One of the most contentious issues when valuing businesses is how to factor elements of control into the equation. Users of valuation reports often assume a controlling interest is entitled to a control premium. Conversely, they assume noncontrolling interests should be discounted.

It’s not quite that simple, though. For one thing, whether a control premium or a discount for lack of control (DLOC) is appropriate depends on the valuation methodology. Additionally, quantifying and supporting these premiums and discounts can be challenging. Here are some answers to common questions to help clarify how valuation professionals handle these matters.

What is control?

For starters, a valuator examines whether the buyer of a business interest would acquire certain prerogatives of control. These are rights typically associated with a controlling interest, such as the right to execute or block the following actions:

  • Electing directors and appointing or changing management,
  • Setting compensation and benefits,
  • Setting policy and changing the course of the business,
  • Selecting suppliers, vendors and subcontractors and awarding contracts,
  • Acquiring or liquidating property, equipment and other assets,
  • Acquiring or merging with other companies,
  • Liquidating, dissolving, selling or recapitalizing the company,
  • Registering the company’s stock for a public offering,
  • Declaring and paying dividends, and
  • Amending the company’s articles of incorporation or bylaws.

Whether a buyer would acquire some or all of these prerogatives depends on the size of the interest being acquired and the company’s governing documents. For example, if a buyer acquires a 60% voting interest in a company, but a two-thirds “supermajority” is required to effect a merger or liquidation, then the buyer wouldn’t acquire that particular prerogative of control.

What “basis of value” does the valuation methodology generate?

Next, it’s critical to establish whether the preliminary methodology generates a controlling or noncontrolling basis of value. Consider the following:

Asset-based (cost) approach. A valuation based on the combined fair market value of the company’s assets and liabilities is likely a controlling basis of value. Why? Because shareholders owning a minority interest in the company lack the control needed to sell assets or pay off debts.

Market approach. Under the guideline merger and acquisition (M&A) method, the expert estimates value from transactions involving entire companies or substantial interests in them. Because M&As typically involve transfers of controlling interests, valuations using this method generally produce a controlling basis of value.

Conversely, the guideline public company method, another technique under the market approach, derives value from publicly traded stock prices of comparable companies. By definition, these prices reflect transactions involving noncontrolling interests.

Income approach. When applying the income approach, a business interest is valued based on the present value of projected future cash flows. The valuator’s assumptions in projecting those cash flows dictate whether the resulting value represents a controlling or noncontrolling basis of value.

For example, suppose cash flow projections are based on the assumption that specific changes will be made (such as eliminating excessive owner salaries and benefits or adjusting depreciation expense from a tax-based method to a method more clearly reflecting economic reality). In that case, the valuator adjusts projected cash flow, and the result is likely a controlling basis of value.
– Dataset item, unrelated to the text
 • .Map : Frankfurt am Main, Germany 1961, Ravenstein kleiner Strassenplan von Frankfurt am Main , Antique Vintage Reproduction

Why? Only a controlling shareholder would have the power to make such changes. Under those circumstances, the value of control is reflected in the projected cash flows. Conversely, the value derived using the discounted cash flow method is likely a noncontrolling basis of value if the expert didn’t adjust the company’s income stream for discretionary items, such as related-party transactions and above-market owners’ compensation.
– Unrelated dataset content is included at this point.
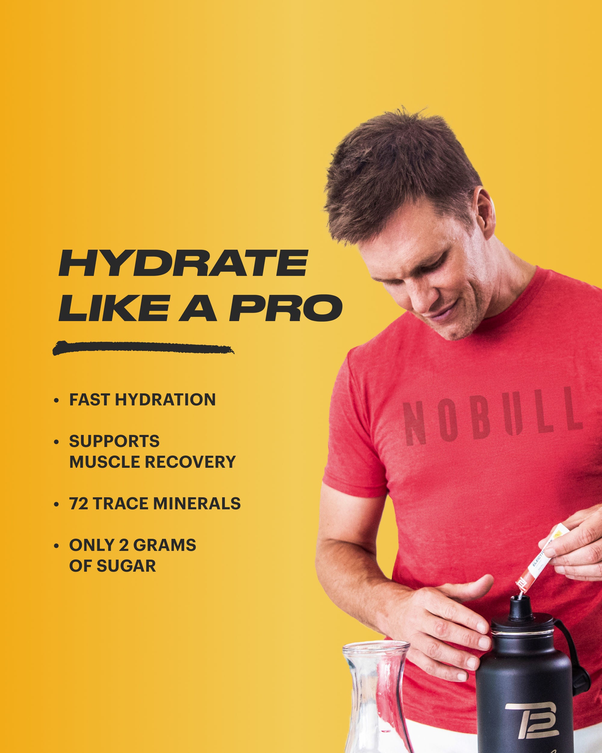 We lose many of our body’s natural minerals throughout the day, so it’s essential to replenish them. TB12 Electrolytes contain 72 trace minerals sourced naturally from the Great Salt Lake. These elements amplify hydration by helping you fully absorb the water you drink, especially when you’re working out.* Electrolytes support everything from muscle function to regulating fluid balance to immune function and cell growth. Tom didn't win 7 Super Bowls dehydrated.

What are control premiums and DLOCs?

Regardless of the valuation approach, whenever possible, valuators address a business interest’s degree of control by adjusting the projected income stream or returns. But, in some cases, an expert may need to apply a discrete control premium or DLOC to arrive at the appropriate basis of value.
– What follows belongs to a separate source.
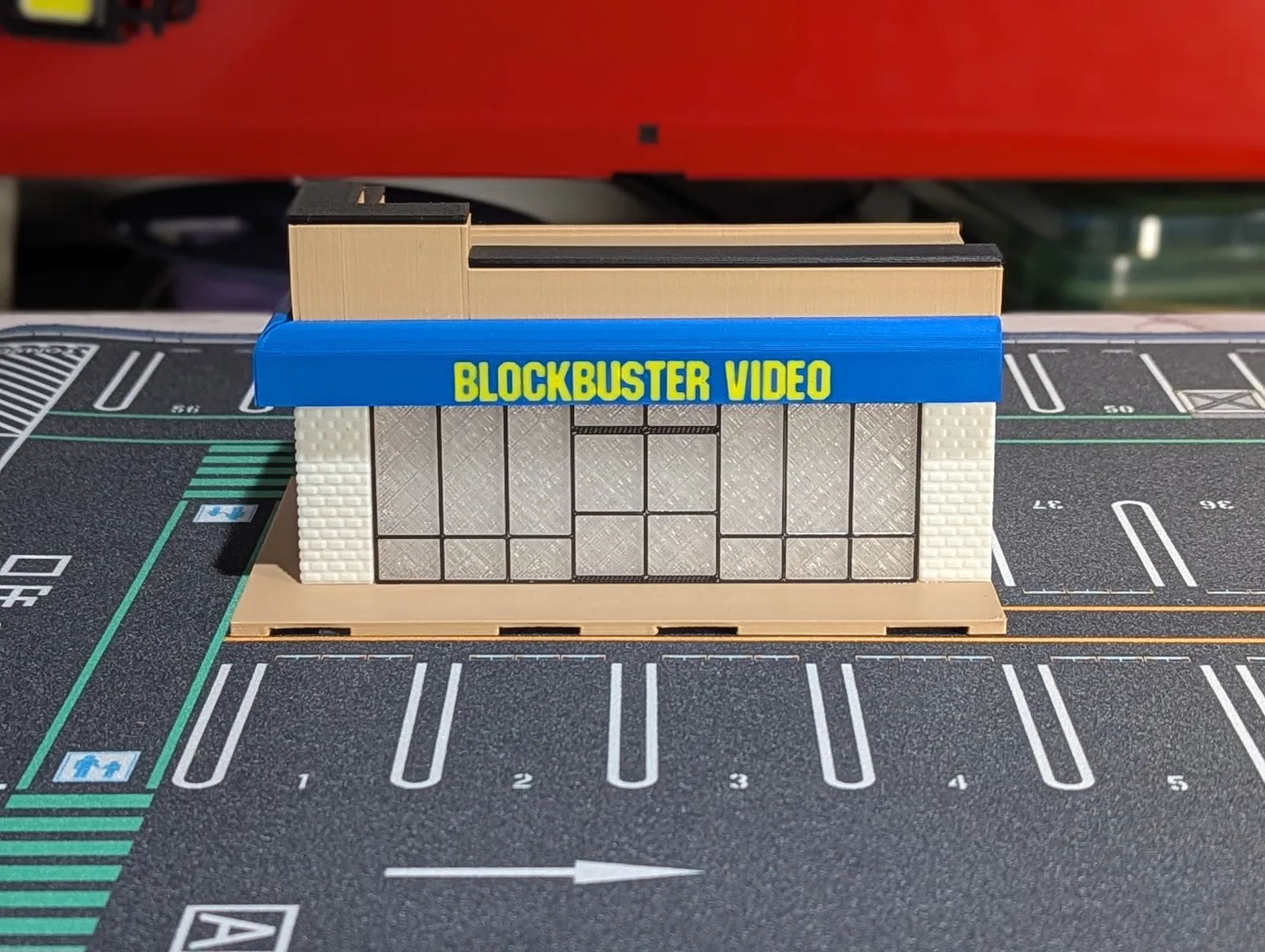 Các cửa hàng Blockbuster có mặt ở khắp mọi nơi (ít nhất là ở khu ngoại ô Chicago nơi mình sống), hầu hết đều có mái hiên màu xanh dương đặc trưng và logo màu vàng nổi bật. Cửa hàng thường nằm trong các khu trung tâm thương mại hoặc các tòa nhà riêng biệt. Bên trong là các dãy kệ bày trí phim ảnh, chương trình truyền hình, trò chơi điện tử và đồ ăn vặt. Trong thiết kế lần này, cửa hàng Blockbuster sẽ là một phần của bộ sưu tập Strip Mall Series mà mình vừa tạo ra. Khu phố thương mại này sẽ gồm 5 tòa nhà, và Blockbuster đóng vai trò là một đầu của dãy phố với thiết kế cửa chính và cửa sổ lớn, tường gạch cùng phần mái hiên logo màu xanh quen thuộc.

Valuators can use control premium studies to help determine appropriate premiums. These studies measure the premiums buyers have paid for controlling interests in public companies (on a pro rata basis) over the stock’s price per share on the public markets.

There are no empirical studies that directly measure DLOCs. Instead, experts use the mathematical inverse of control premiums observed from public stock transactions.

When might premiums or discounts be appropriate?

Various situations call for experts to apply control premiums or DLOCs, rather than (or in addition to) incorporating an implicit adjustment through their valuation methodology. To illustrate, suppose a valuator identifies several comparable M&A transactions and wants to use them to value a noncontrolling interest. Is this acceptable? Yes. However, a DLOC might be necessary to convert the basis of value generated from the guideline M&A method from controlling to noncontrolling.

In this situation, the expert could apply a pricing multiple to the subject company’s unadjusted earnings before interest, taxes, depreciation and amortization (EBITDA) to reflect the expected income stream for a noncontrolling owner. Without adjustments for discretionary items, the resulting value would account for some of the business interest’s lack of control. However, this methodology doesn’t consider the risk that the controlling owner(s) could alter the subject company’s EBITDA in the future. So, a DLOC might be warranted.

Alternatively, what if other pricing multiples that can’t be adjusted for elements of control — such as price-to-revenue or price-to-book value — are more reliable valuation metrics? The use of those pricing multiples would also likely warrant a DLOC.

No cookie-cutter formulas

Evaluating control requires an analysis of several factors, including the subject company’s characteristics, its ownership structure, the potential buyers, the buyers’ opportunities to exercise control and the valuation’s purpose. We’ve only scratched the surface of this complex topic. Contact us to learn more and understand how the concepts apply to your circumstances.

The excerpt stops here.